**TASK ITEM:**
In the listing that follows, find the line with "VARO N.V. - Joseph", then copy exactly from it through the line with "Das vielfältige Sortiment", leaving out every picture.

**LISTED ENTRIES:**
==*==
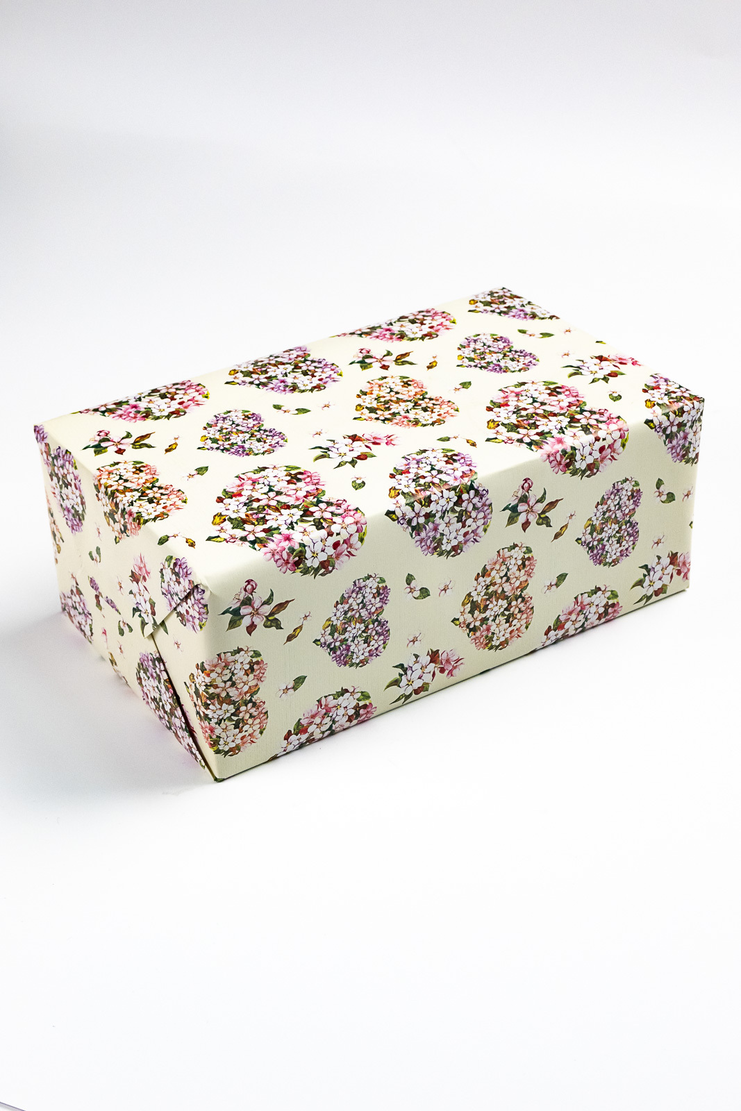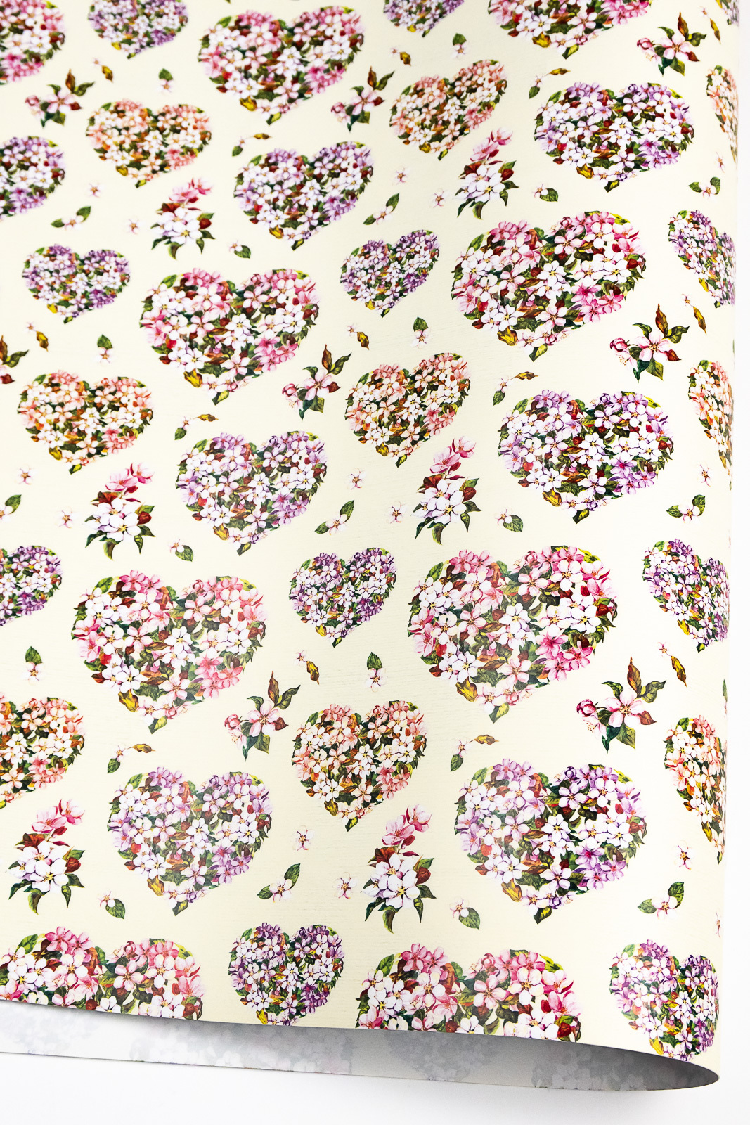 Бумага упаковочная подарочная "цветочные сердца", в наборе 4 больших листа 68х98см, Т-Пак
==*==
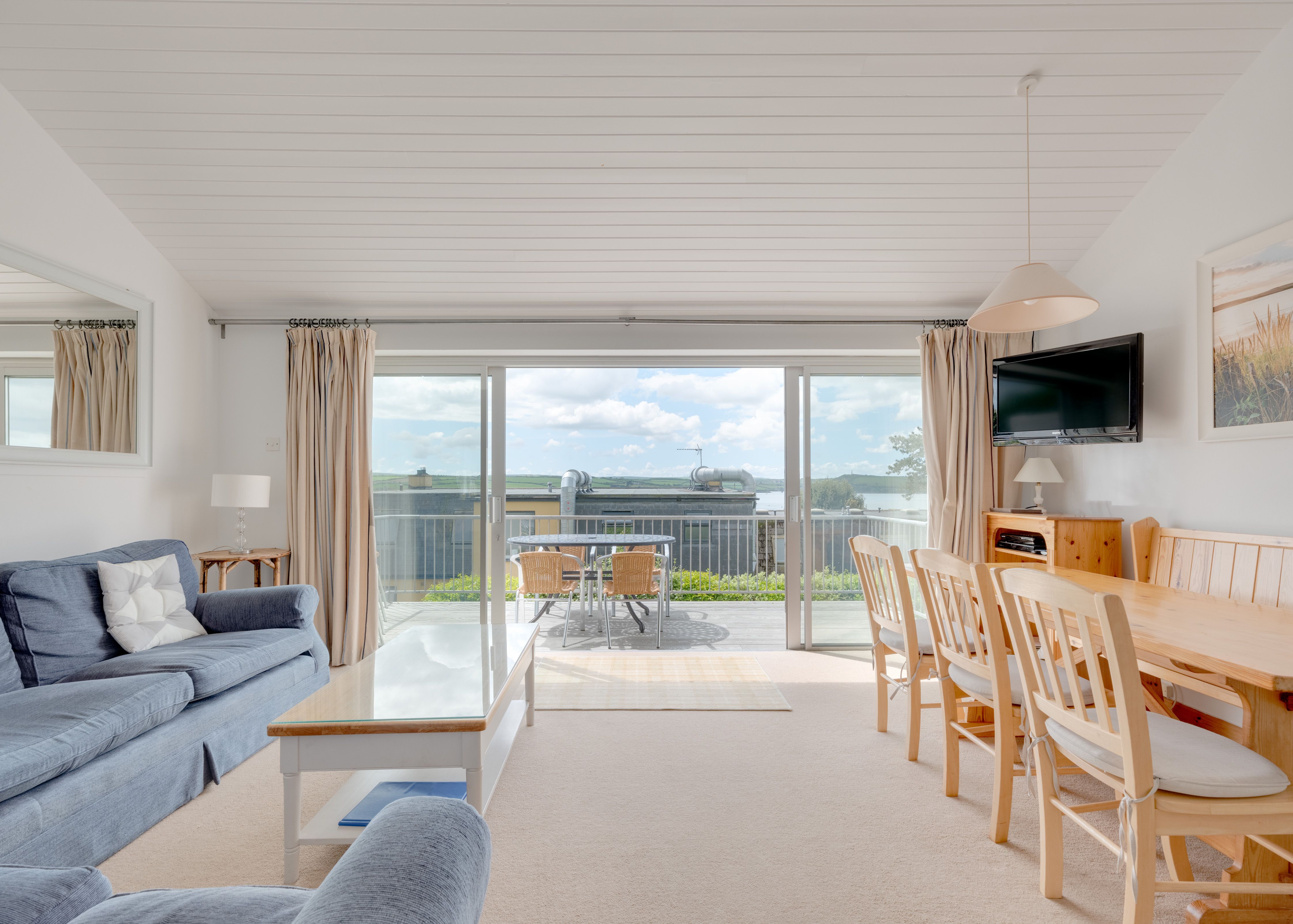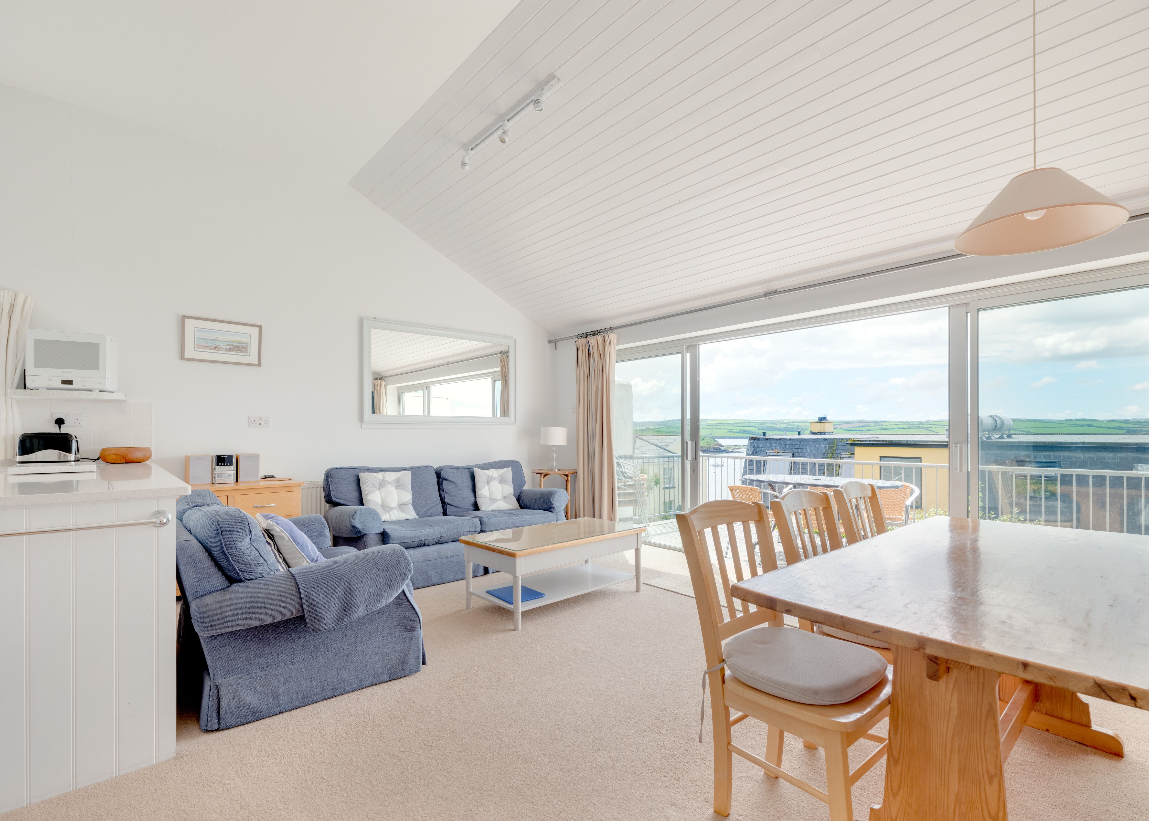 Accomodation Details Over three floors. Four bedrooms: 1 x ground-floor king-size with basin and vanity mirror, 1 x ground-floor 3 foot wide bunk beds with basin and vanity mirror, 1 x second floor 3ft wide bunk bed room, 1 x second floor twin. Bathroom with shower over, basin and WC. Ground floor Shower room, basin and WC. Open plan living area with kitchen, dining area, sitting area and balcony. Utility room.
==*==
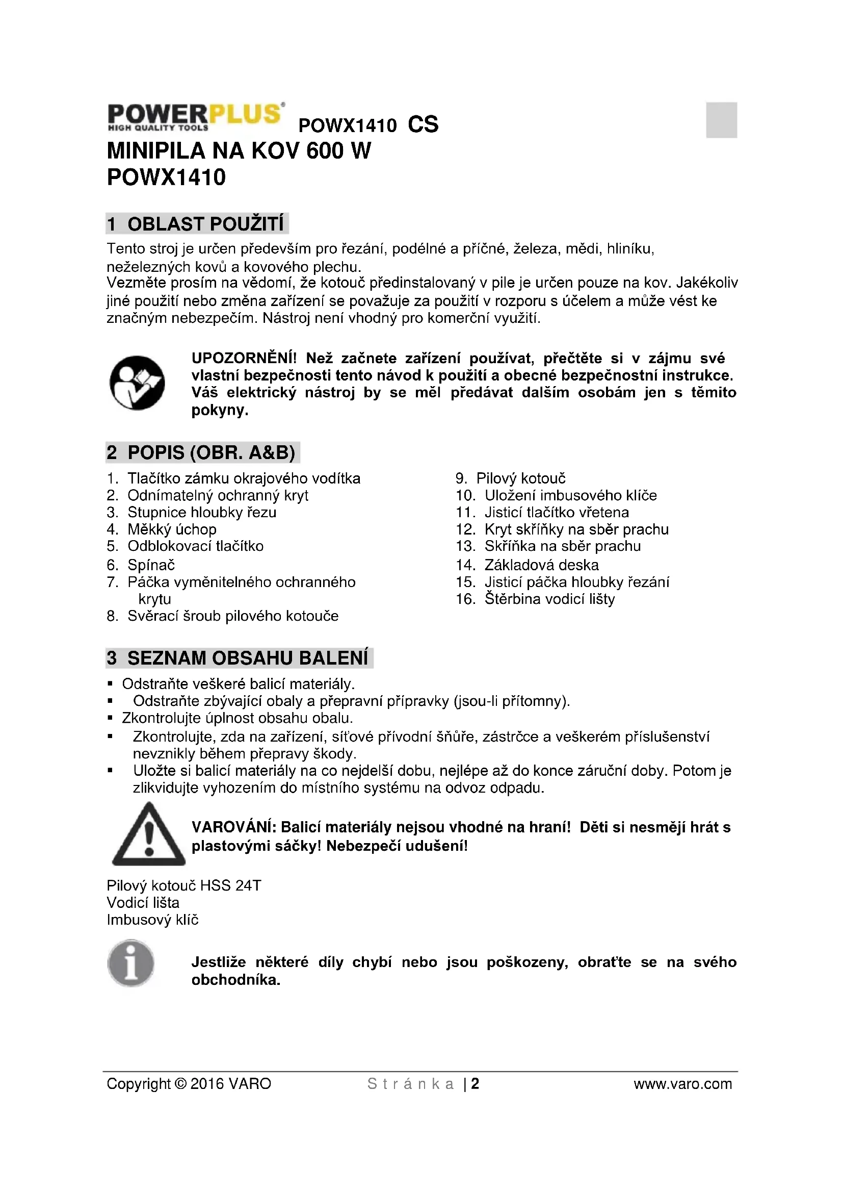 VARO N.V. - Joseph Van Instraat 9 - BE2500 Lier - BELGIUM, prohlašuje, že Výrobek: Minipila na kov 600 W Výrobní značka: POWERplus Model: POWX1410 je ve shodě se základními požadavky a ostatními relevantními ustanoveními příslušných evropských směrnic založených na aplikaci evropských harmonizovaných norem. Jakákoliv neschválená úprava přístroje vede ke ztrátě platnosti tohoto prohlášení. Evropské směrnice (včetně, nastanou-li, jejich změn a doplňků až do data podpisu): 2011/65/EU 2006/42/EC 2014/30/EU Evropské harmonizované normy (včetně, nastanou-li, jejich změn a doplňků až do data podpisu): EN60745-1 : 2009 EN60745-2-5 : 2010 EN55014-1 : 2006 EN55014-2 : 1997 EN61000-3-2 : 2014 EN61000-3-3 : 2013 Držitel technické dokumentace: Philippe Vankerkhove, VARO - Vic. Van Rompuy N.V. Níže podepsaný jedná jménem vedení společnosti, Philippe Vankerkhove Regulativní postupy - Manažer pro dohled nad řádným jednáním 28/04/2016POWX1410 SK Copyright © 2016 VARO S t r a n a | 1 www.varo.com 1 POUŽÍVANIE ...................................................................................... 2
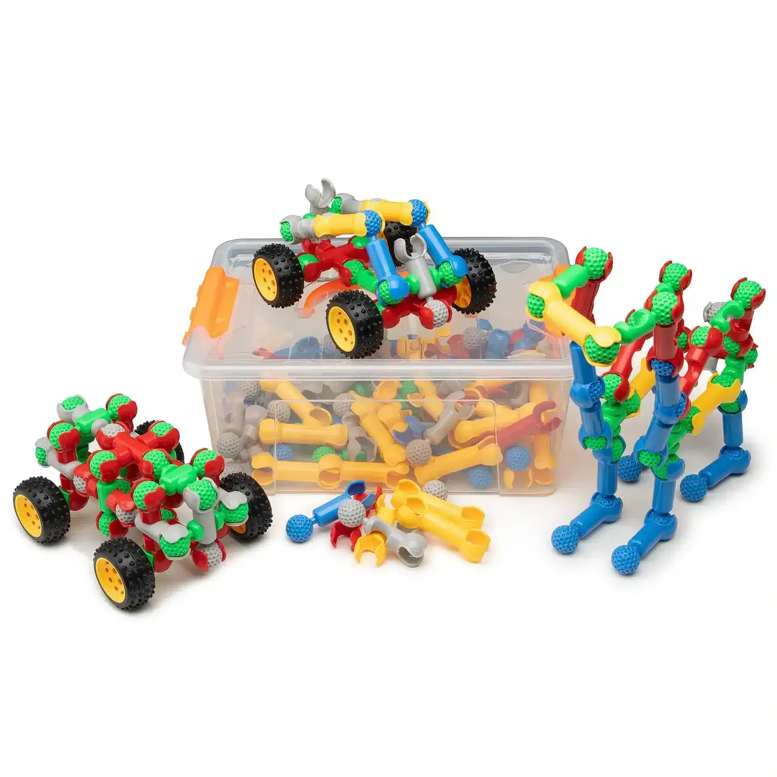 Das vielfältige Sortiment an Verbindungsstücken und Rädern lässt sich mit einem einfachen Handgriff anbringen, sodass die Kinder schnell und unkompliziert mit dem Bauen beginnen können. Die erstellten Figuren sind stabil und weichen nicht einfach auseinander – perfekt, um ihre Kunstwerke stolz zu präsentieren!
==*==
**TASK RESPONSE:**
 VARO N.V. - Joseph Van Instraat 9 - BE2500 Lier - BELGIUM, prohlašuje, že Výrobek: Minipila na kov 600 W Výrobní značka: POWERplus Model: POWX1410 je ve shodě se základními požadavky a ostatními relevantními ustanoveními příslušných evropských směrnic založených na aplikaci evropských harmonizovaných norem. Jakákoliv neschválená úprava přístroje vede ke ztrátě platnosti tohoto prohlášení. Evropské směrnice (včetně, nastanou-li, jejich změn a doplňků až do data podpisu): 2011/65/EU 2006/42/EC 2014/30/EU Evropské harmonizované normy (včetně, nastanou-li, jejich změn a doplňků až do data podpisu): EN60745-1 : 2009 EN60745-2-5 : 2010 EN55014-1 : 2006 EN55014-2 : 1997 EN61000-3-2 : 2014 EN61000-3-3 : 2013 Držitel technické dokumentace: Philippe Vankerkhove, VARO - Vic. Van Rompuy N.V. Níže podepsaný jedná jménem vedení společnosti, Philippe Vankerkhove Regulativní postupy - Manažer pro dohled nad řádným jednáním 28/04/2016POWX1410 SK Copyright © 2016 VARO S t r a n a | 1 www.varo.com 1 POUŽÍVANIE ...................................................................................... 2
 Das vielfältige Sortiment an Verbindungsstücken und Rädern lässt sich mit einem einfachen Handgriff anbringen, sodass die Kinder schnell und unkompliziert mit dem Bauen beginnen können. Die erstellten Figuren sind stabil und weichen nicht einfach auseinander – perfekt, um ihre Kunstwerke stolz zu präsentieren!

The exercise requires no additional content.